DEV Community: Ahmad Ganjtabesh

The Primary Responsibility of a Software Engineer: Delaying Decisions

Ahmad Ganjtabesh — Thu, 10 Oct 2024 09:19:10 +0000

At the heart of software engineering, our most visible task is building the features that businesses rely on. We work closely with stakeholders to develop the functionality that drives the business forward, whether it’s handling payments, managing customer data, or delivering personalized experiences to users. Delivering these features is critical, but it’s not the most important part of the job.

I believe that the primary responsibility of a software engineer is to design systems that give the team flexibility to delay certain key decisions until later, when there's more information available. Delaying decisions may sound counterintuitive, but it's a strategy that can significantly reduce risk, increase adaptability, and ultimately lead to more robust systems.

Software development is full of uncertainties: business needs evolve, user behavior changes, data volume grows, and new technologies emerge.
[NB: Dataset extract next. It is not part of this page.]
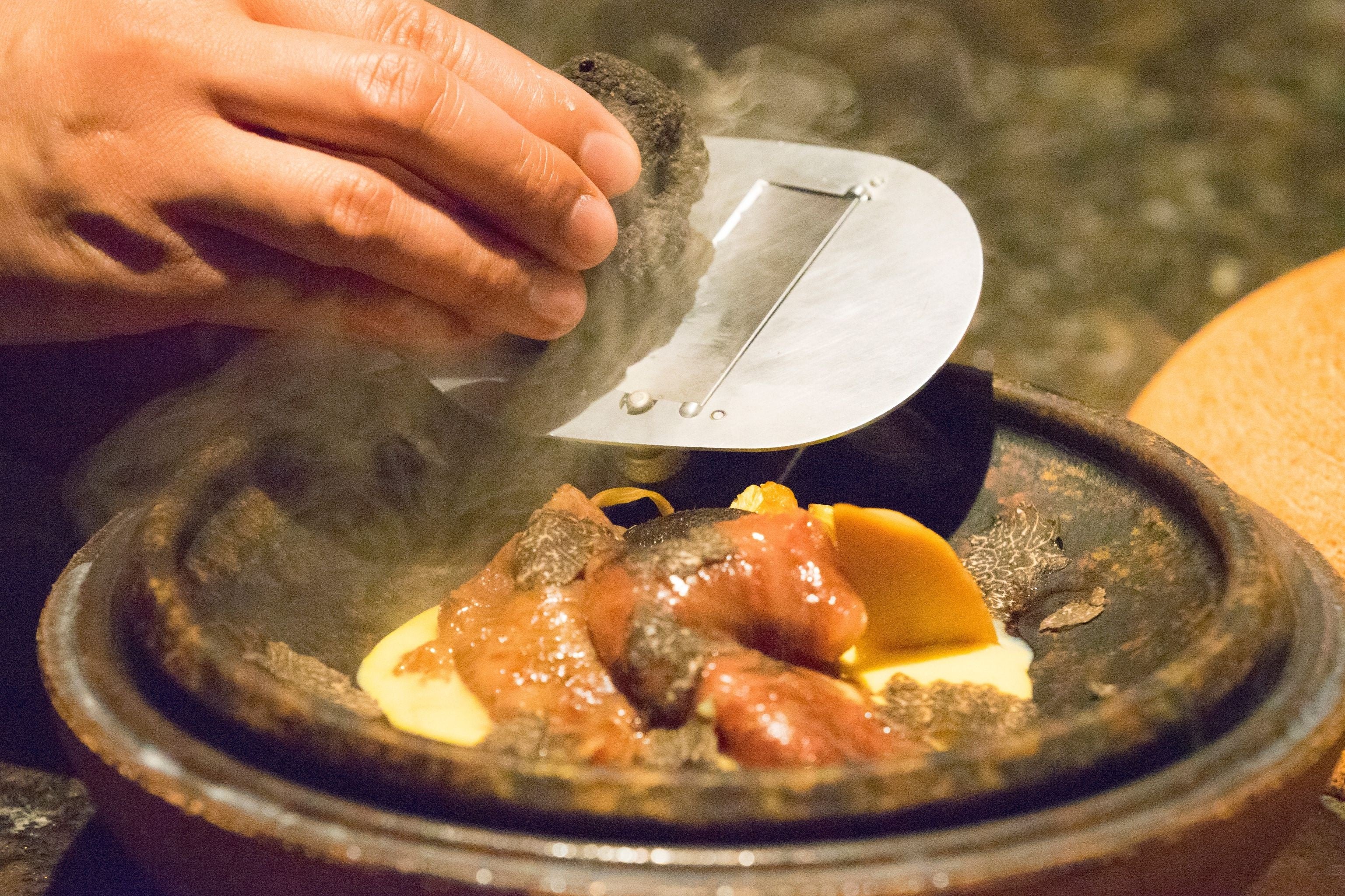 〆のご飯:佐賀⽜サーロインとトリュフのすき焼きと⼟鍋ご飯

If we make key decisions too early - such as selecting a database, cloud provider, or framework - we may lock ourselves into choices that limit flexibility in the future. What might work well for a small project or MVP (Minimum Viable Product) could break down as the system scales or as business requirements change.

The Importance of Delaying Decisions

Making decisions with incomplete information can lead to technical debt. When we choose technology or architecture early on, it's often based on assumptions about how the system will behave in the future. But reality rarely matches those assumptions. By postponing decisions, we reduce the risk of locking ourselves into choices that don't hold up as the project evolves.

Take, for example, the decision of choosing a database. At the start of a project, you might not have a clear picture of the types of queries you'll need, the volume of data you'll store, or the complexity of relationships in the data. Committing to a specific database early could cause issues if the project later requires more complex querying, higher scalability, or better indexing. By delaying this decision - perhaps starting with an abstracted data access layer - you give yourself the flexibility to switch to a different database later without reworking large parts of the codebase.

Delaying decisions isn't about avoiding responsibility or kicking the can down the road. It's about waiting for the right time to make decisions - when you have more clarity on the system's real needs. This leads to better, more informed choices that are sustainable in the long term.

How to Delay Decisions: Abstraction and Isolation

The key to effectively delaying decisions is through abstraction and isolation. By isolating different layers of the system and abstracting them from one another, you can minimize the impact of changes to one part of the system when it's time to make a decision.

For instance, in the case of choosing a cloud provider, many companies start by tightly integrating their systems with specific services offered by platforms like AWS, Google Cloud, or Azure. But what happens if the business later wants to migrate to a different provider for cost reasons or regulatory compliance? If the system is tightly coupled to a single provider's APIs, switching becomes a painful and costly process. However, by abstracting cloud-specific logic behind interfaces or adopting cloud-agnostic solutions like Kubernetes, you delay the decision of committing fully to one provider. This gives you the flexibility to migrate or expand to multiple providers when the need arises, without significant rework.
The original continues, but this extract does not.